Received: 6 August 2014
Accepted: 19 September 2014
Published: 25 September 2014
Abstract
Background
Analyzing acceleration photoplethysmogram (APG) signals measured after exercise is challenging. In this paper, a novel algorithm that can detect a waves and consequently b waves under these conditions is proposed. Accurate a and b wave detection is an important first step for the assessment of arterial stiffness and other cardiovascular parameters.
Methods
Nine algorithms based on fixed thresholding are compared, and a new algorithm is introduced to improve the detection rate using a testing set of heat stressed APG signals containing a total of 1,540 heart beats.
Results
The new a detection algorithm demonstrates the highest overall detection accuracy—99.78% sensitivity, 100% positive predictivity—over signals that suffer from 1) non-stationary effects, 2) irregular heartbeats, and 3) low amplitude waves. In addition, the proposed b detection algorithm achieved an overall sensitivity of 99.78% and a positive predictivity of 99.95%.
Conclusions
The proposed algorithm presents an advantage for real-time applications by avoiding human intervention in threshold determination.
Keywords
Vascular effects Hypertension AtherosclerosisIntroduction
Although the clinical significance of Accelerated Plethysmograph (APG) measurement has been well-investigated [1–4], there are still a lack of studies focusing on the automatic detection of a and b waves in APG signals. However, Matsuyama [5] attempted to determine which of the nine QRS algorithms of Friesen’s ECG algorithms [6] suit the detection of a waves in APG signals—this is because the morphology of the R peak in ECG signal is similar to the a wave in the APG signal. The detection rate was below 63% for all nine algorithms, even after modifying the thresholds with different values. Matsuyama [5] recommended that a new robust algorithm be developed for both APG and ECG signals. Therefore, our investigation herein is aimed at developing a robust algorithm to detect a waves in APG signals and to compare its performance with the prior nine a detection algorithms [5]. Up to the present there has been no attempt to detect b waves in APG signals; and therefore a new method for detecting the b wave is now introduced. To validate the robustness of the developed algorithms, noisy APG signals—measured at rest and after exercise—were tested.

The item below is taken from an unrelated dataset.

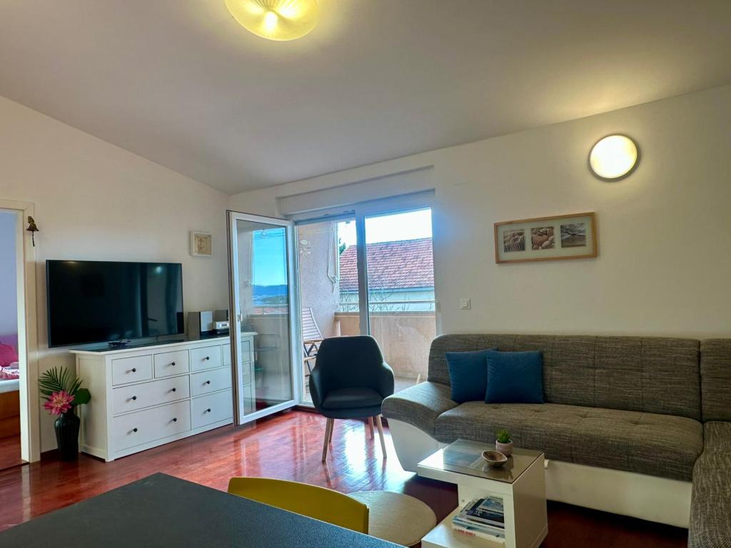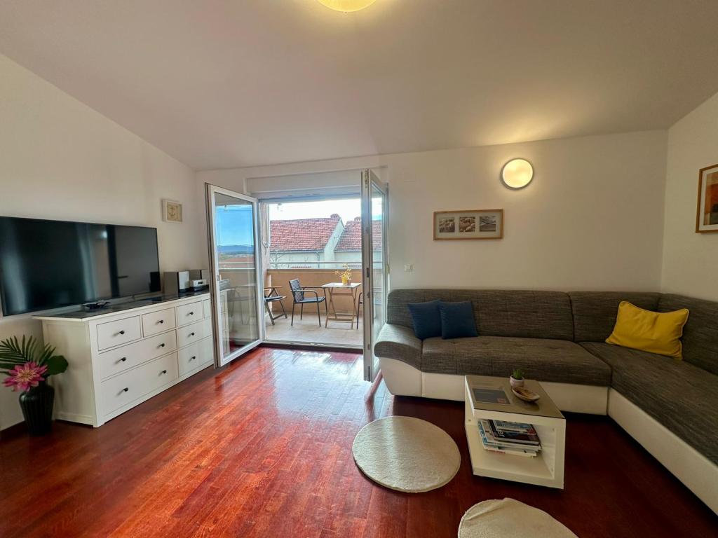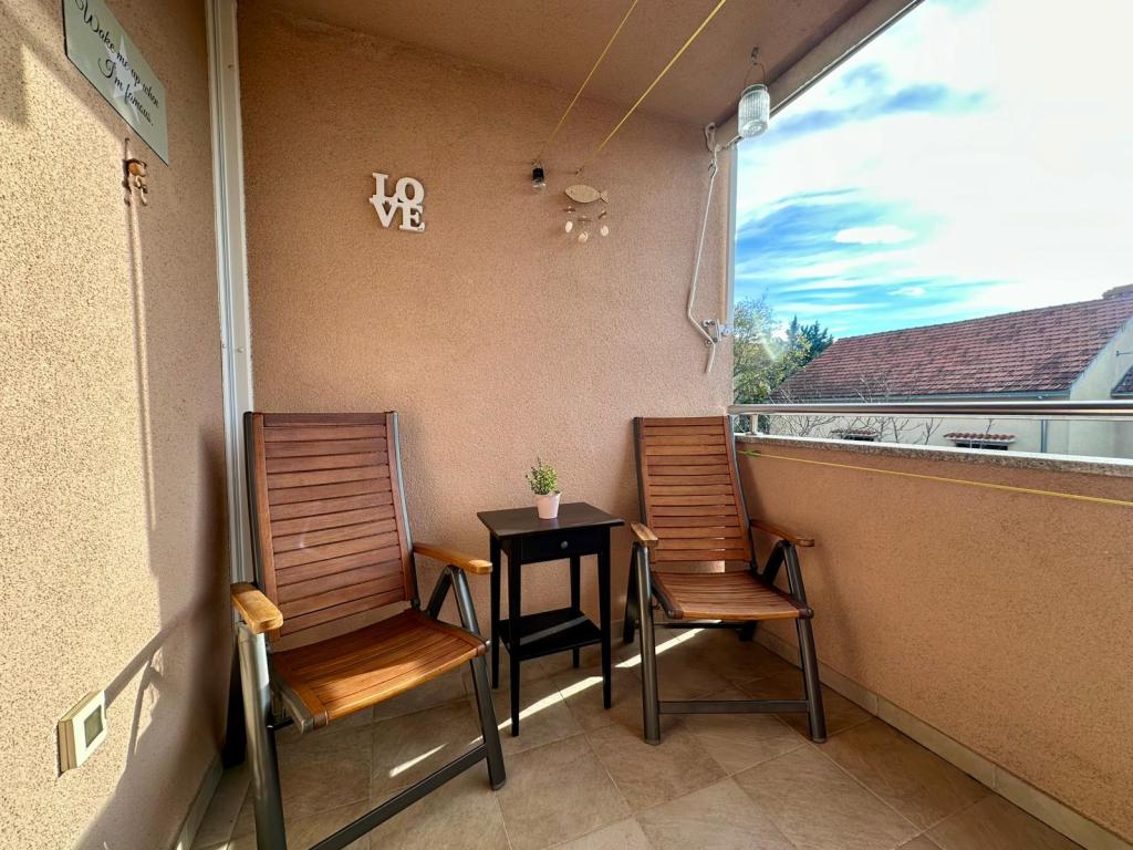 Dear guests, our apartment is located in an urban villa in a quiet city district, surrounded by greenery and just a few minutes' easy walk from the very center of Biograd. It is located on the second floor, and the spacious balcony offers a view of the sea, city landmarks and peaceful greenery, which automatically makes most guests have a morning coffee. The apartment can accommodate a maximum of 4 people, including children. The nearest beach is approximately 900m away. The interior is fully equipped with all necessary household appliances and practical details that make your stay pleasant, functional and simple. In short: you feel like at home, only the beach is much closer! The owners do not live in the same house, but we are only a hundred meters away. This means that you have complete privacy, but also the security that I am available to you whenever you need me! Send me an inquiry so that we can check if your desired date is available. If you have any additional questions, please feel free to contact me. Your Silva

As depicted in Figure 1, the APG waveform comprises four systolic waves (a, b, c, and d waves) and one diastolic wave (e wave) [2]. In our study, the height of detected a and b waves was measured from the baseline—the values of a waves are positive (above the baseline), while the values of b waves are negative (under the baseline). The main focus of this study is to provide a robust detection algorithm for a and b that can be used in clinical studies, e.g., carotid distensibility and ageing [9].
Materials and methods
Ethics statement
There is one annotated APG database available at Charles Darwin University. The data were collected during rest (before exercise) and after one hour of exercise (walking) on a treadmill in the climate control chamber at Northern Territory Institution of Sport (Darwin, Australia). The speed of treadmill was set to 5 km/h with a one percent incline increment corresponding to the effort required to walk with 8 kg of webbing. The exercise was considered to be of moderate intensity, and the background of the entire project can be found in [5]. All subjects provided written informed consent before participation, which was approved by the Charles Darwin University Ethics Committee. The database is available upon request at Charles Darwin University: http://www.cdu.edu.au/ehse.
Data used
The PPGs of 27 healthy volunteers (males) with a mean ± SD age of 27 ± 6.9 were measured using a photoplethysmography device (Salus APG, Japan), with the sensor located at the cuticle of the second digit of the left hand, in which all subjects were included. Measurements were taken while the subject was at rest on a chair. The PPG data were collected at a sampling rate of 200 Hz and the duration of each recording was 20 seconds. The PPG recordings of 20 seconds are intentionally much shorter than is usual for ECG recordings to exclude motion artefacts and other noise [10]. This also serves as a preliminary test of feasibility, where the ease of shorter recording lengths is desirable in a clinical setting.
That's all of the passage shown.